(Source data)

____

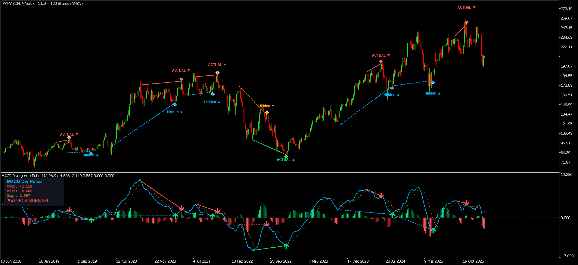 Etichette segnali — "ACTUAL" per setup inversione, "Hidden" per continuazione — senza congetture.
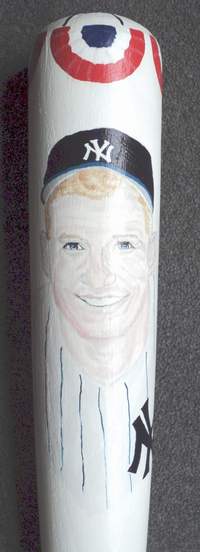 Side one has my close up painting of Mickey Mantle. Red, white and blue, flag style bunting surrounds the top of the bat.
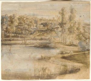 An Extensive Landscape With A Hawking Party Atthe Shores Of A Lake
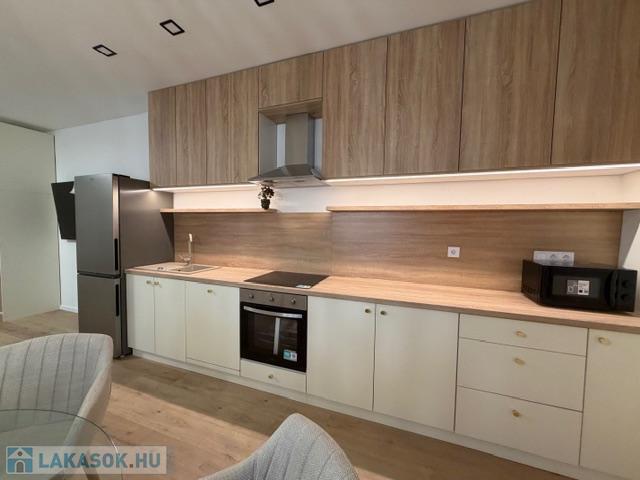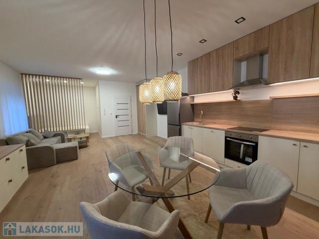 Ebben a lakásban minden megtalálható, ami a kényelemhez szükséges, új konyhabútor beépített gépekkel sütő főzőlap páraelszívó mosó és mosogatógép gránit mosogatótálcával, hűtővel. A fürdőszoba kádas kialakítású tágas, prémium burkolatokkal, törölközőszárítóval. Minden helyiség elektromos redőnnyel ellátott, a nappaliban egy hűtő fűtő klíma biztosítja a nyári kellemes hőmérsékletet. Lokáció szempontjából remek helyen vagyunk, hiszen sétatávolságra a tópart, és minden más szolgáltató egység. Bár központban helyezkedik el, mégis privát elszeparált, saját udvarral lekerített. A rezsi fix, 50 ezer Ft/hó ami tartalmazza a korlátlan víz villany fűtés TV internet és fűtésköltséget, sőt a szemétszállítást is.
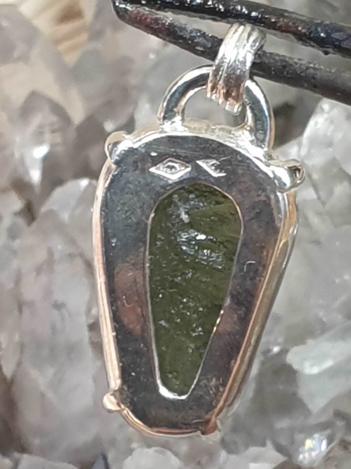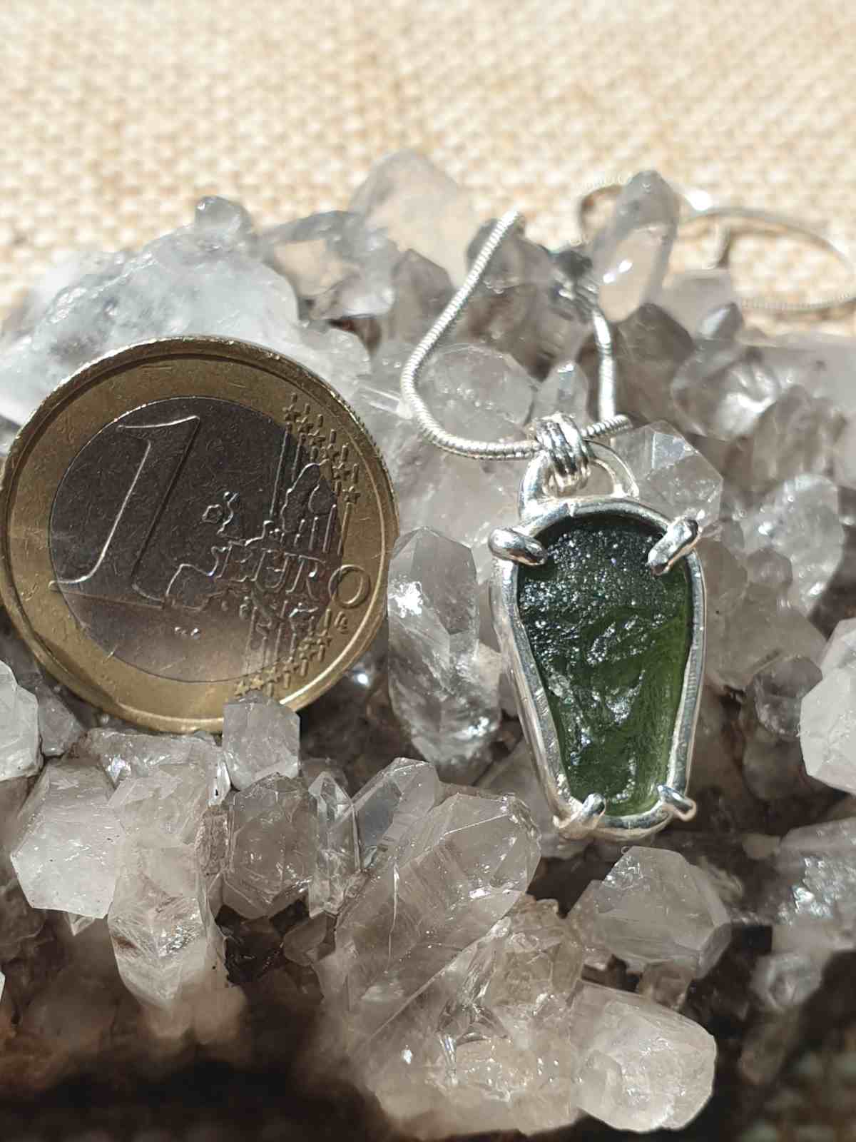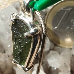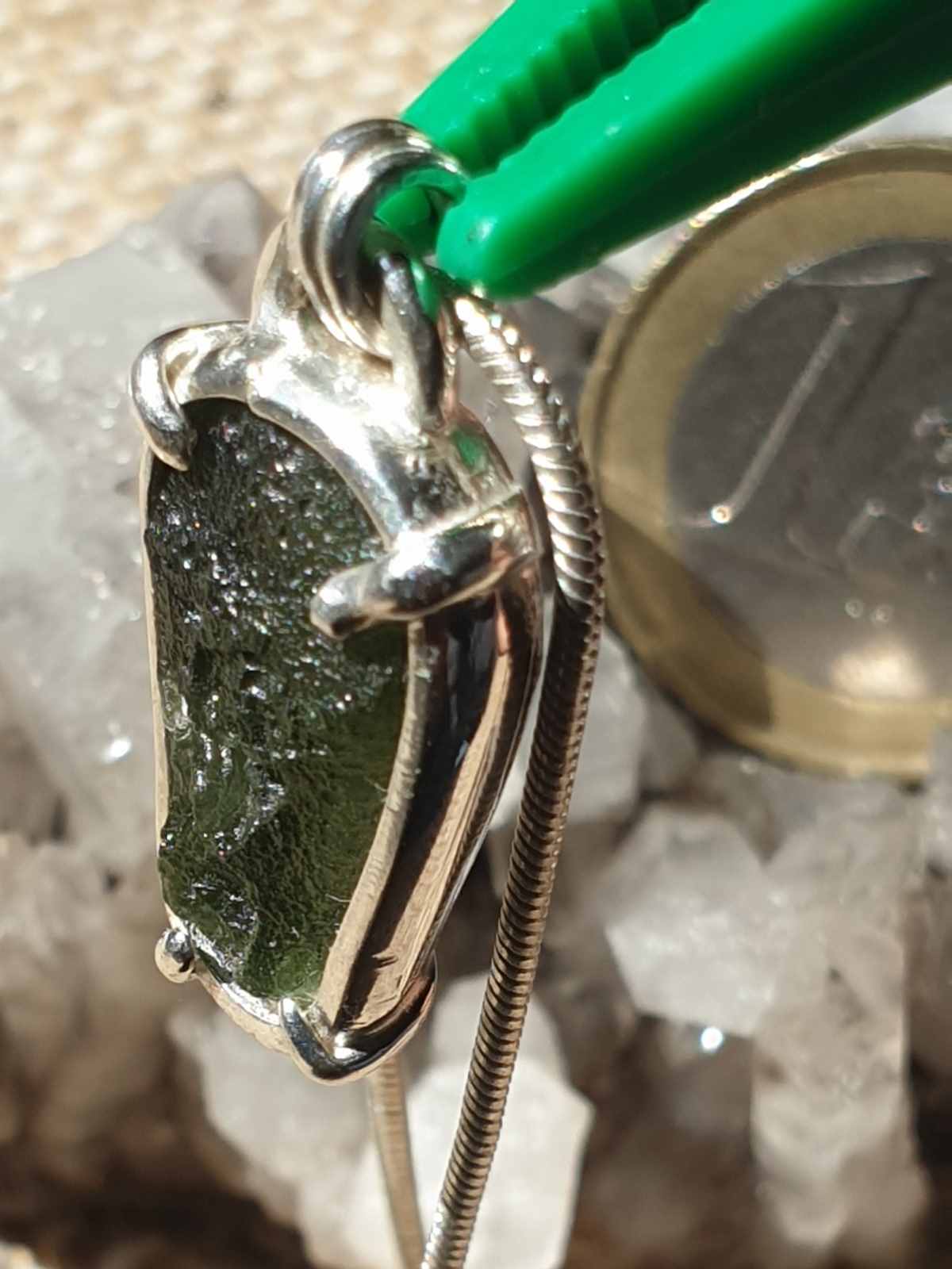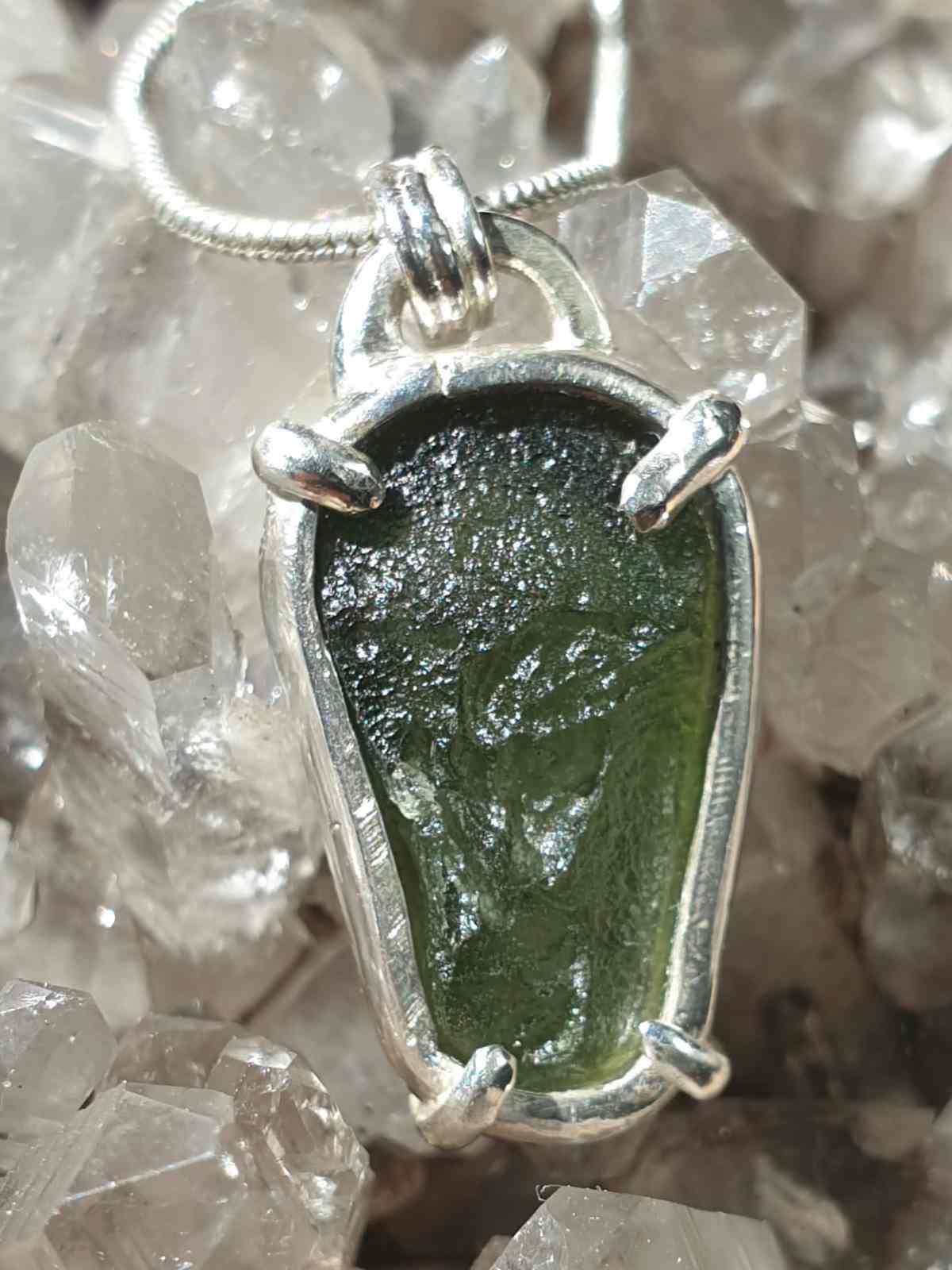 Pendentif en moldavite serti sur argent 950 à mon atelier.

____

Task brief:
Every entry is to be reproduced word for word, and no image is carried over.

Result of the exercise:
 Etichette segnali — "ACTUAL" per setup inversione, "Hidden" per continuazione — senza congetture.
 Side one has my close up painting of Mickey Mantle. Red, white and blue, flag style bunting surrounds the top of the bat.
 An Extensive Landscape With A Hawking Party Atthe Shores Of A Lake
 Ebben a lakásban minden megtalálható, ami a kényelemhez szükséges, új konyhabútor beépített gépekkel sütő főzőlap páraelszívó mosó és mosogatógép gránit mosogatótálcával, hűtővel. A fürdőszoba kádas kialakítású tágas, prémium burkolatokkal, törölközőszárítóval. Minden helyiség elektromos redőnnyel ellátott, a nappaliban egy hűtő fűtő klíma biztosítja a nyári kellemes hőmérsékletet. Lokáció szempontjából remek helyen vagyunk, hiszen sétatávolságra a tópart, és minden más szolgáltató egység. Bár központban helyezkedik el, mégis privát elszeparált, saját udvarral lekerített. A rezsi fix, 50 ezer Ft/hó ami tartalmazza a korlátlan víz villany fűtés TV internet és fűtésköltséget, sőt a szemétszállítást is.
 Pendentif en moldavite serti sur argent 950 à mon atelier.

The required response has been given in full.